**The task**
A line below contains "I used saturated", and a later one contains "内容:・焼き茄子浸し ・枝豆ムース ・オクラ饅頭". Repeat both, with every line between them, exactly.

**Information supplied**
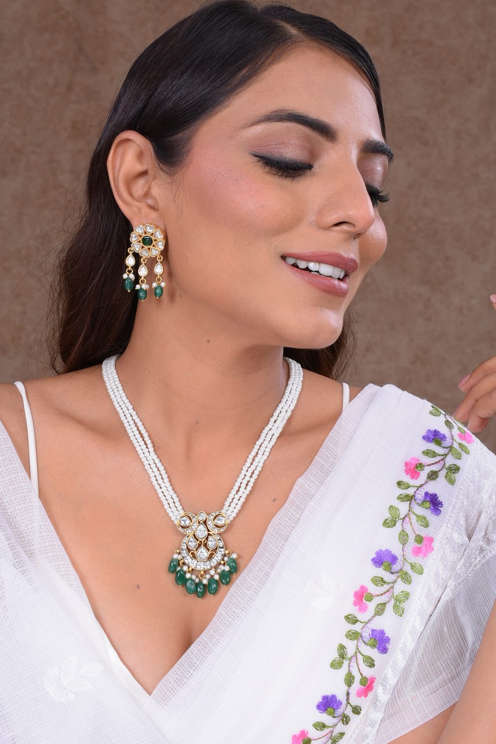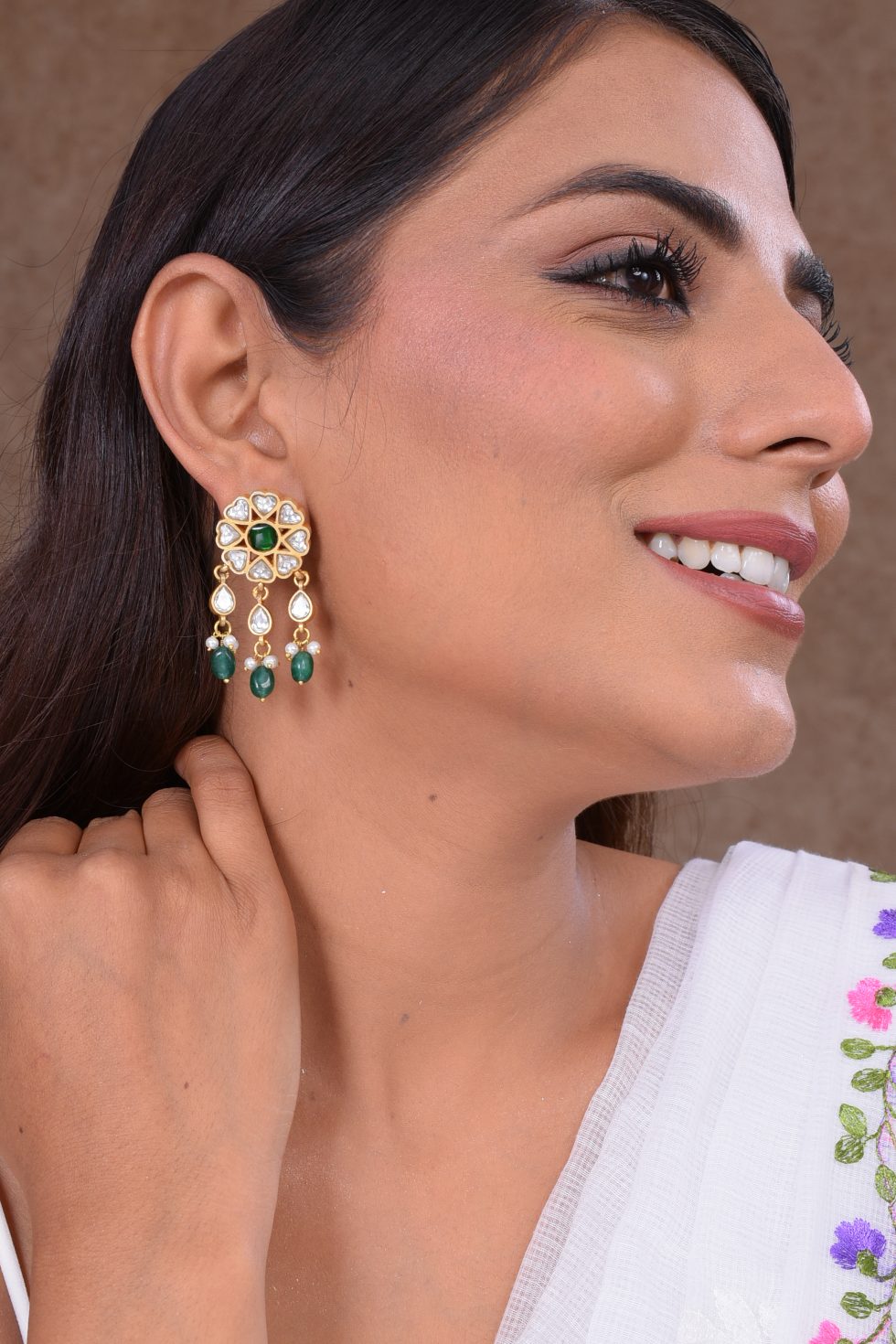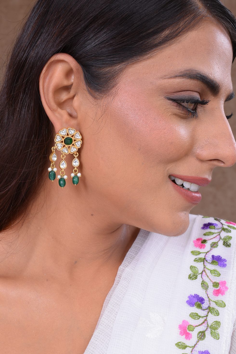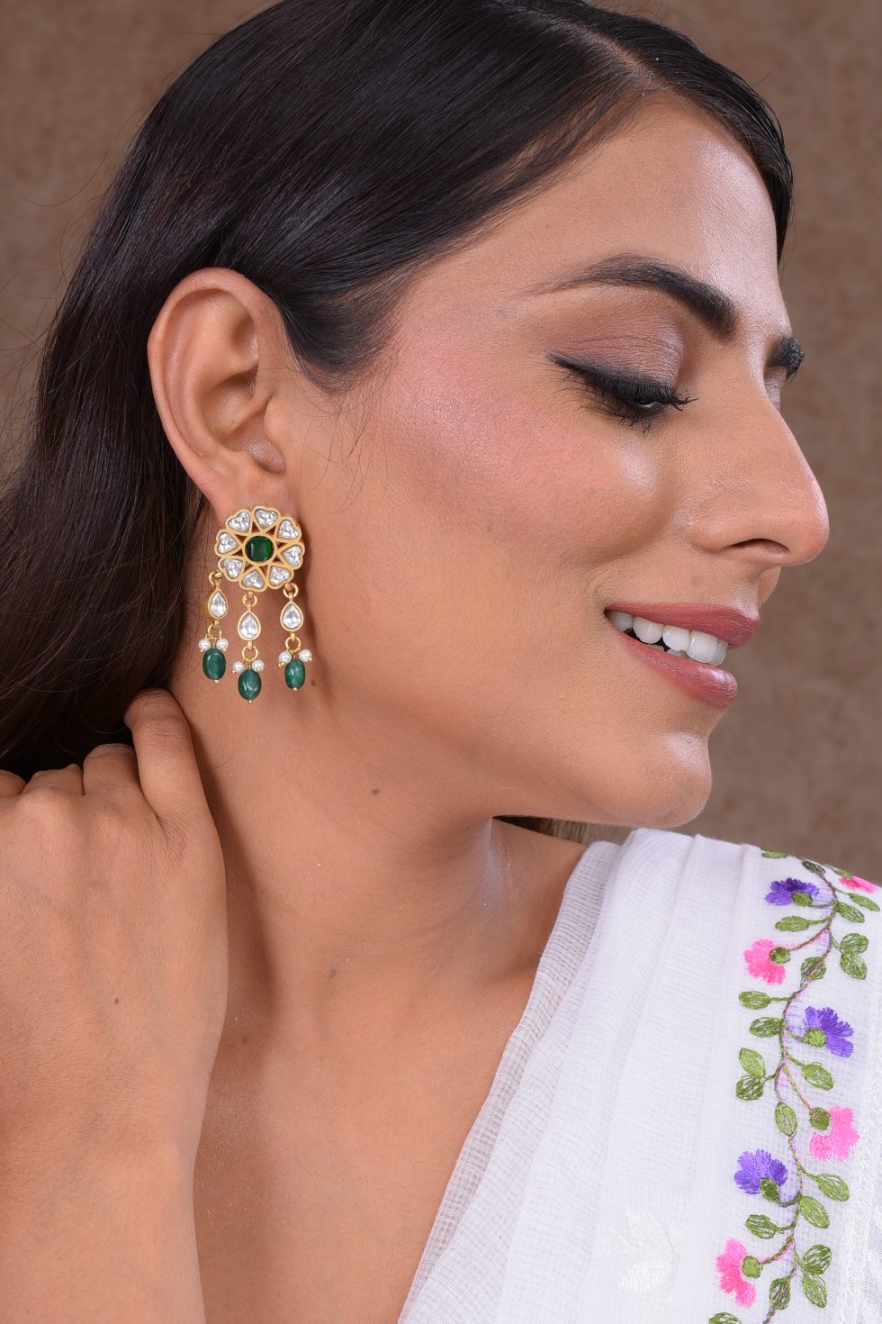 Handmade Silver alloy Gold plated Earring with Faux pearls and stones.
--
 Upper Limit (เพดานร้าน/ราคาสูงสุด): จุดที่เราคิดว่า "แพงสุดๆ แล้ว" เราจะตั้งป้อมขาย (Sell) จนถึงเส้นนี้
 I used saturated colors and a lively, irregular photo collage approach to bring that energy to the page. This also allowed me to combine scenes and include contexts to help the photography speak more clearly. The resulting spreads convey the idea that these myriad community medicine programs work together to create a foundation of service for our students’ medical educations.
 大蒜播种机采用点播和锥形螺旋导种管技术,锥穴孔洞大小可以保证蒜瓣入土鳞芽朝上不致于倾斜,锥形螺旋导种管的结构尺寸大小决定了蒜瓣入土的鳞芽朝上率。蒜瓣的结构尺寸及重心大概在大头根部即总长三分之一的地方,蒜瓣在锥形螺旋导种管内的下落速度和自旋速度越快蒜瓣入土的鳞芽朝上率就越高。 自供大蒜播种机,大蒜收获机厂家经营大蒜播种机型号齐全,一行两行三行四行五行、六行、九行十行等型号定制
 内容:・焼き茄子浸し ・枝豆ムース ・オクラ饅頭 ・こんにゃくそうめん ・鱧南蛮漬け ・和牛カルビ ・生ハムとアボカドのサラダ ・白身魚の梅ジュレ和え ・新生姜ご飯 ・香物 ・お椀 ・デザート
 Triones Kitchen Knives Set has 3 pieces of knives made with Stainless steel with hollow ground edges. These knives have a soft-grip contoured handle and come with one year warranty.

**Response to this exercise**
 I used saturated colors and a lively, irregular photo collage approach to bring that energy to the page. This also allowed me to combine scenes and include contexts to help the photography speak more clearly. The resulting spreads convey the idea that these myriad community medicine programs work together to create a foundation of service for our students’ medical educations.
 大蒜播种机采用点播和锥形螺旋导种管技术,锥穴孔洞大小可以保证蒜瓣入土鳞芽朝上不致于倾斜,锥形螺旋导种管的结构尺寸大小决定了蒜瓣入土的鳞芽朝上率。蒜瓣的结构尺寸及重心大概在大头根部即总长三分之一的地方,蒜瓣在锥形螺旋导种管内的下落速度和自旋速度越快蒜瓣入土的鳞芽朝上率就越高。 自供大蒜播种机,大蒜收获机厂家经营大蒜播种机型号齐全,一行两行三行四行五行、六行、九行十行等型号定制
 内容:・焼き茄子浸し ・枝豆ムース ・オクラ饅頭 ・こんにゃくそうめん ・鱧南蛮漬け ・和牛カルビ ・生ハムとアボカドのサラダ ・白身魚の梅ジュレ和え ・新生姜ご飯 ・香物 ・お椀 ・デザート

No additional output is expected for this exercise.